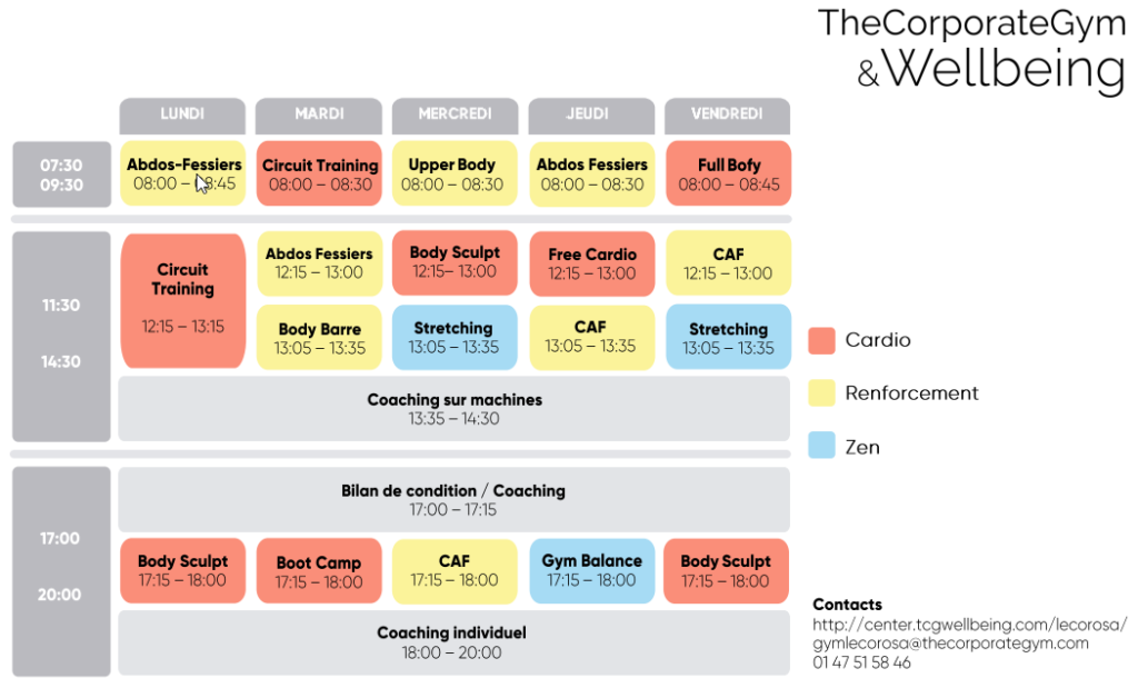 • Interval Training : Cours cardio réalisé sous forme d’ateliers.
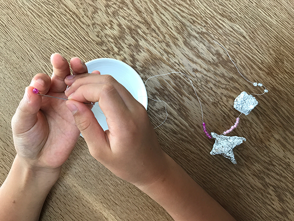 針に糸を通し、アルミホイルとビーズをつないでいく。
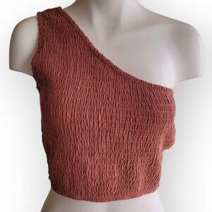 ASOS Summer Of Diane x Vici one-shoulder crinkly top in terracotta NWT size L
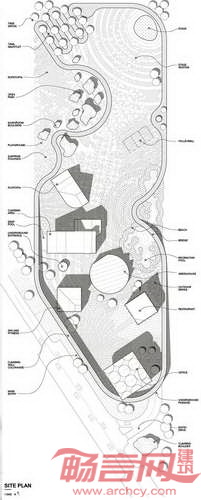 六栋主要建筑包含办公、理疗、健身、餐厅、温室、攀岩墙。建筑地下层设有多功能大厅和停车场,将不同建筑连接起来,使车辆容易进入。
· · · · ·
- **Problem statement**:
Write out the material exactly as it stands, omitting every picture.

- **Output**:
 • Interval Training : Cours cardio réalisé sous forme d’ateliers.
 針に糸を通し、アルミホイルとビーズをつないでいく。
 ASOS Summer Of Diane x Vici one-shoulder crinkly top in terracotta NWT size L
 六栋主要建筑包含办公、理疗、健身、餐厅、温室、攀岩墙。建筑地下层设有多功能大厅和停车场,将不同建筑连接起来,使车辆容易进入。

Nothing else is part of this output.